How Sex, Politics, Money and Religion are Killing Planet Earth

Sunday, August 8, 2010

Life in Two Dimensions

For the past few weeks, the newswires were alive with the saga of Shirley Shirrod, the Department of Agriculture employee forced to resign due to a malicious blogger taking some of her comments out of context.

Criticisms are flying in all directions. The Obama administration should have vetted the information they received. The right wing media fanned the flames. Yet at the foundation of the current hot news story is a malevolent blogger, who deliberately and willfully manipulated the truth. We aren’t hearing much about him.

While Shirley Shirrod has become a household name, Andrew Breitbart remains relatively cloaked in anonymity. When Mr. Breitbart deliberately edited video tape in order to misrepresent Shirley Shirrod for his own aims, he committed a crime called “libel.” As a nation, we have become so accustomed to this crime through the work of Fox News, Sean Hannity, Rush Limbaugh and their compatriots, that Breitbart’s actions barely raise an eyebrow.

Instead of a much-needed, in depth discussion delving into the disintegration of our public media and the complicity of said media on the disappearance of intelligent political discourse, two sides select their talking points, and the discussion is narrowed to meaningless rhetoric. The public sits and stares at the illuminated screen and numbly sucks up the slanted rhetoric like deer in headlights. The whine of the television seems to act as a hypnotic devise that instantly freezes neural pathways in the prefrontal lobe. Rational thought all but evaporates and is replaced by visceral sensations and feelings of righteousness.

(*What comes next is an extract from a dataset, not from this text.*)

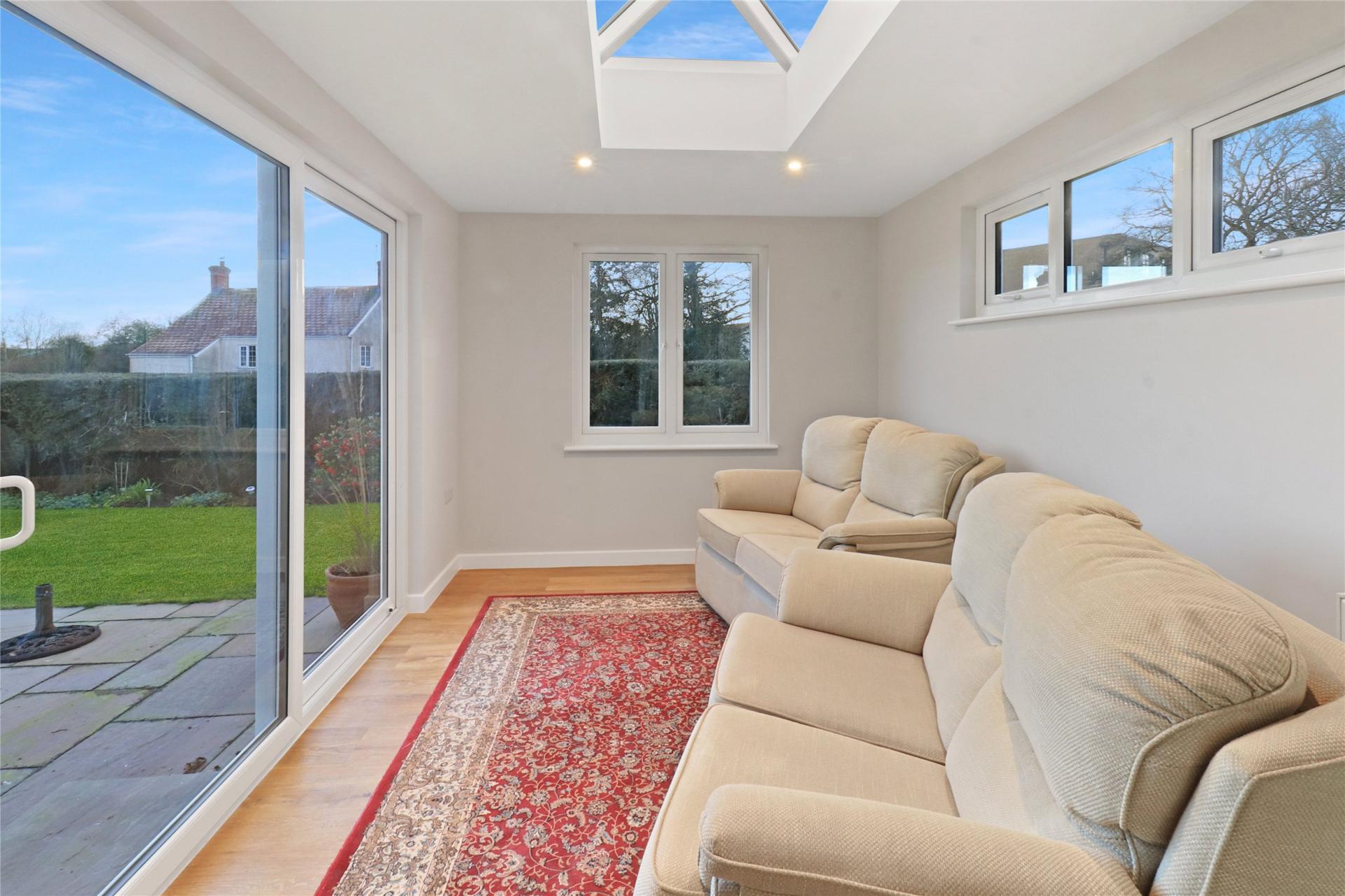 From a wide entrance hallway with access front and rear, there is a door to a superb living room with log burner. An open plan design leads to the dining area immediately adjacent to the well equipped re-fitted kitchen. From here there is access to the superb garden room overlooking the terrace and lawn.

David Gregory addresses his panel of well-known journalists and politicians and they all give the patent responses dictated by their respective right or left orientations. The idiot box, as my grandfather Darrel Abel used to refer to the television, drones out the same messages over and over. To Mr. Gregory’s credit, he attempts to get his panelists to clarify the apparent incongruities in their statements. How do Republican conservatives reconcile the apparent hypocrisy between offering tax cuts for the wealthy, when such actions will increase the federal deficit? But such questioning is outside the talking points, so the respondent parrots the same messages over and over again until Mr. Gregory is forced to abandon his quest in futility.

The television used to be a three-dimensional object. Computers once filled entire buildings with their volume. Now our televisions, computers and phones are flattening out. Electronics in two dimensions are more and more becoming the required accessories in any well-apportioned room. The computer binary language has entered the contemporary world in rapid force and has become the international language.

As our information delivery systems flatten, so does the information they project. Our world is reduced to ones and zeros, left or right, secular or religious, right or wrong. Flat. It is what we are becoming as sentient beings. Our perceptions and analyses of our very complex world are shedding information by an order of magnitude. How can we hope to solve multidimensional problems with two dimensional solutions?